**What to work on**
Read through the entries below and copy each line where "fabric" turns up.

**Supplied material**
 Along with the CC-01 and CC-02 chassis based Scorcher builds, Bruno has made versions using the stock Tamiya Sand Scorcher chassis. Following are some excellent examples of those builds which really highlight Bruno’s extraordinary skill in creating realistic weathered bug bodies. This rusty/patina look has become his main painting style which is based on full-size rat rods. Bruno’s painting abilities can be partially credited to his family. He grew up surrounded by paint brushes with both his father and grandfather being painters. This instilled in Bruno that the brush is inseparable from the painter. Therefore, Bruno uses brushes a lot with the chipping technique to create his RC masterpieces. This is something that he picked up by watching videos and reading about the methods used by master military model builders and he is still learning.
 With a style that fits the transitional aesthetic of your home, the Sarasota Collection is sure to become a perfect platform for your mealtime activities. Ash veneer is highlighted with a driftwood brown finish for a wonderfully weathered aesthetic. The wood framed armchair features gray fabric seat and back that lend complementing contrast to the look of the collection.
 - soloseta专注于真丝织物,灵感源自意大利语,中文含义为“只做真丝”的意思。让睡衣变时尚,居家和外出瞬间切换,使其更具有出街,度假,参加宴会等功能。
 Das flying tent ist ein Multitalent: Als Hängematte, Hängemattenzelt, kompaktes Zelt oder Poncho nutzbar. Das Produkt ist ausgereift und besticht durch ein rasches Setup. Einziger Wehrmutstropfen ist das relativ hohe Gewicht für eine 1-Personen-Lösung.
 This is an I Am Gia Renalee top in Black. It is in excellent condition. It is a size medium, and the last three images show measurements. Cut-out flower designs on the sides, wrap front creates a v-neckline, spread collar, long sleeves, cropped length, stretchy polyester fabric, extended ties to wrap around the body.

==

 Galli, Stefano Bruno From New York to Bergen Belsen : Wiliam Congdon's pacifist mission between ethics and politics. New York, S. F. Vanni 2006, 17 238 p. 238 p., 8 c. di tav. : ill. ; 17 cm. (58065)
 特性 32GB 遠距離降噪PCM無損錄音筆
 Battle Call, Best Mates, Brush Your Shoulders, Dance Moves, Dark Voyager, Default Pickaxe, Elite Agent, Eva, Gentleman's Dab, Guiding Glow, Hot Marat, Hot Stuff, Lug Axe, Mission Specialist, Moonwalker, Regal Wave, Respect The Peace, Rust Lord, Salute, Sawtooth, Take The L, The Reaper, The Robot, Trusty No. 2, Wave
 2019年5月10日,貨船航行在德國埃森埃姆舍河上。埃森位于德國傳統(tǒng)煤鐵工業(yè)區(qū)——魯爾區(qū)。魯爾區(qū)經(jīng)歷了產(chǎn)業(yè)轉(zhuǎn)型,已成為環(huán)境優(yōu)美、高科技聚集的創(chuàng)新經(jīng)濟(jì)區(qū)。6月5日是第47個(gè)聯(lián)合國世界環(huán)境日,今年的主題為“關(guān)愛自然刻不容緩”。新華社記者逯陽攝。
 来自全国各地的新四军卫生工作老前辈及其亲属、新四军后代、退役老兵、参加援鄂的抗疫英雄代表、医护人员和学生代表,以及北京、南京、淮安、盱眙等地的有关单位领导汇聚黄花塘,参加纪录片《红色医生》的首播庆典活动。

**Answer**
 With a style that fits the transitional aesthetic of your home, the Sarasota Collection is sure to become a perfect platform for your mealtime activities. Ash veneer is highlighted with a driftwood brown finish for a wonderfully weathered aesthetic. The wood framed armchair features gray fabric seat and back that lend complementing contrast to the look of the collection.
 This is an I Am Gia Renalee top in Black. It is in excellent condition. It is a size medium, and the last three images show measurements. Cut-out flower designs on the sides, wrap front creates a v-neckline, spread collar, long sleeves, cropped length, stretchy polyester fabric, extended ties to wrap around the body.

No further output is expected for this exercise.